▸ **The task**:
What the task requires is an exact printout of the listing below, pictures excluded.

▸ **Data shown**:
━━━━━━

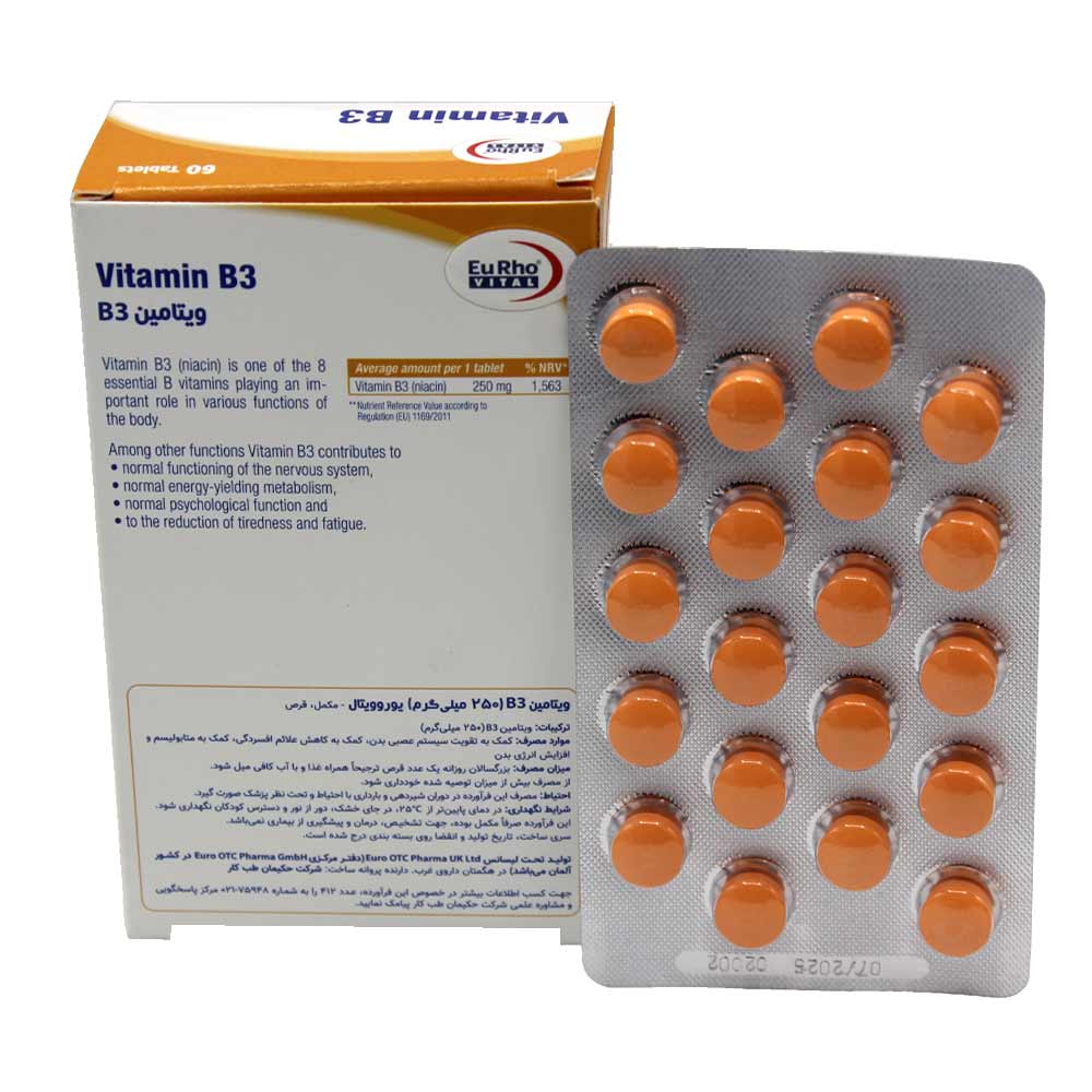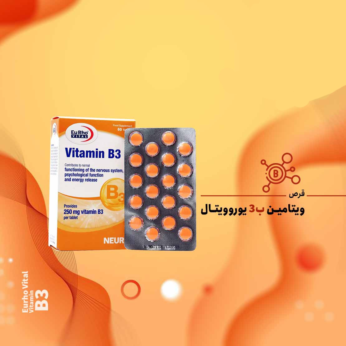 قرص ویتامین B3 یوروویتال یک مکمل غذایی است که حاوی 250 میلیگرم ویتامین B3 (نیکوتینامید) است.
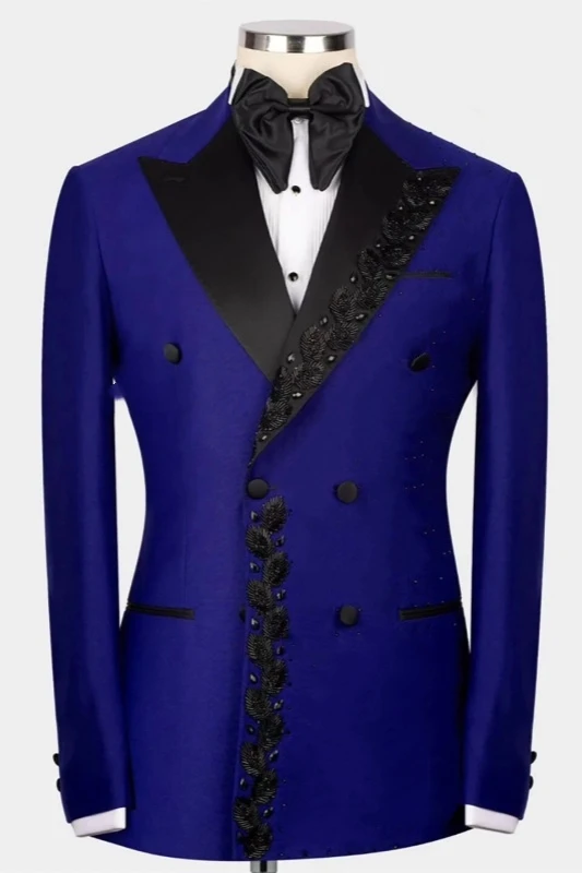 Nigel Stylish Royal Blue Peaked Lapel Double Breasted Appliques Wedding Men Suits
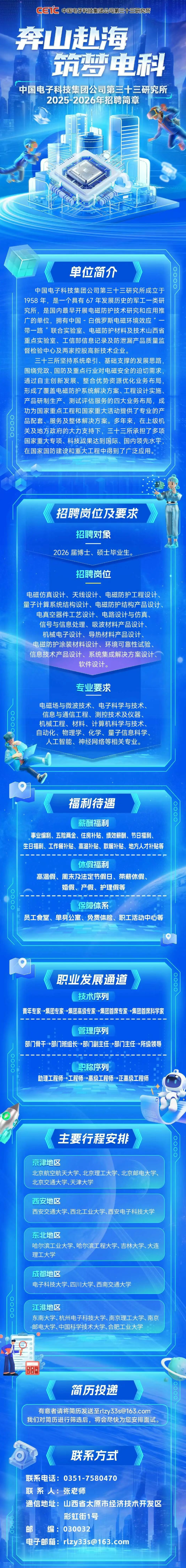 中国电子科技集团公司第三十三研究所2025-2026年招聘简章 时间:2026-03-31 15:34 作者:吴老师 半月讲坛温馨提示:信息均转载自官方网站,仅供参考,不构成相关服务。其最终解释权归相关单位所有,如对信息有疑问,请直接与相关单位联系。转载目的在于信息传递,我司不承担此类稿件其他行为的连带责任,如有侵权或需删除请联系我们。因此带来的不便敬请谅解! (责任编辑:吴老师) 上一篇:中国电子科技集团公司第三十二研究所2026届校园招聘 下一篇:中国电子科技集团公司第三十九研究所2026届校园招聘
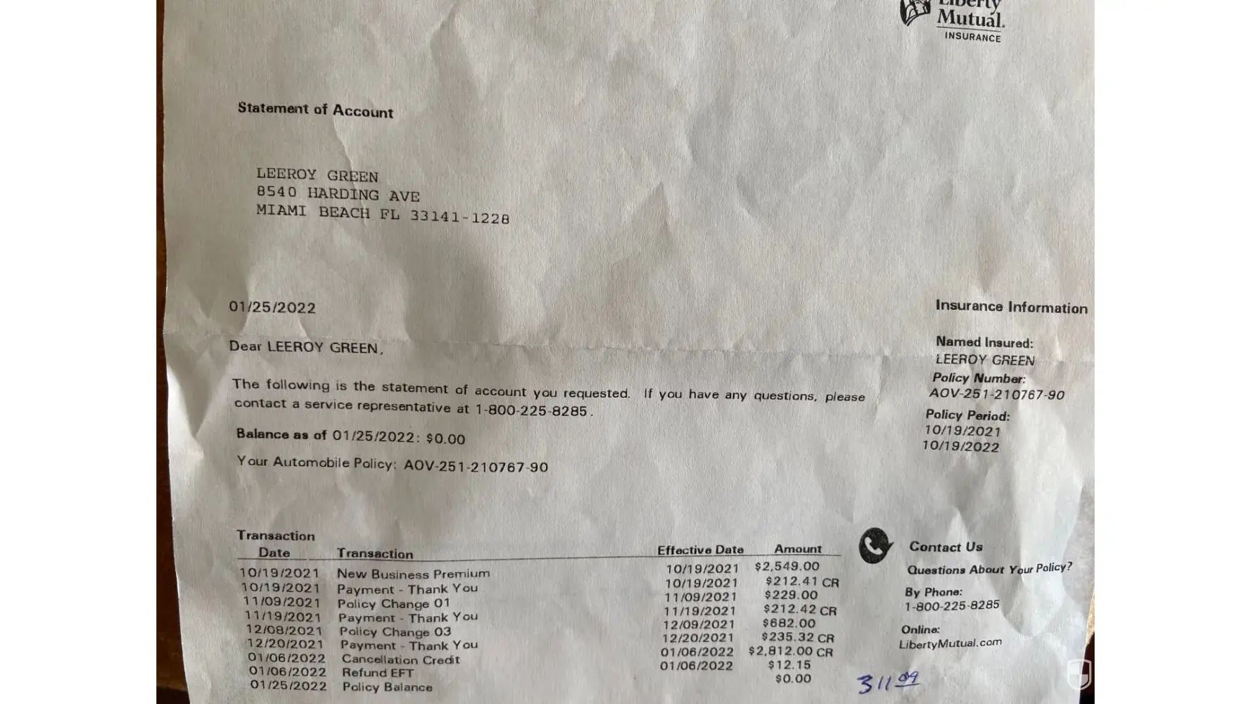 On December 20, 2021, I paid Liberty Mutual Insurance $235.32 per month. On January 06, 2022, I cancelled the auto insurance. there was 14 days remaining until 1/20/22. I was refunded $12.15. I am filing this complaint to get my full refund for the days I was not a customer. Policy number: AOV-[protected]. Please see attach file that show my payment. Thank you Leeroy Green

━━━━━━

▸ **Problem solution**:
 قرص ویتامین B3 یوروویتال یک مکمل غذایی است که حاوی 250 میلیگرم ویتامین B3 (نیکوتینامید) است.
 Nigel Stylish Royal Blue Peaked Lapel Double Breasted Appliques Wedding Men Suits
 中国电子科技集团公司第三十三研究所2025-2026年招聘简章 时间:2026-03-31 15:34 作者:吴老师 半月讲坛温馨提示:信息均转载自官方网站,仅供参考,不构成相关服务。其最终解释权归相关单位所有,如对信息有疑问,请直接与相关单位联系。转载目的在于信息传递,我司不承担此类稿件其他行为的连带责任,如有侵权或需删除请联系我们。因此带来的不便敬请谅解! (责任编辑:吴老师) 上一篇:中国电子科技集团公司第三十二研究所2026届校园招聘 下一篇:中国电子科技集团公司第三十九研究所2026届校园招聘
 On December 20, 2021, I paid Liberty Mutual Insurance $235.32 per month. On January 06, 2022, I cancelled the auto insurance. there was 14 days remaining until 1/20/22. I was refunded $12.15. I am filing this complaint to get my full refund for the days I was not a customer. Policy number: AOV-[protected]. Please see attach file that show my payment. Thank you Leeroy Green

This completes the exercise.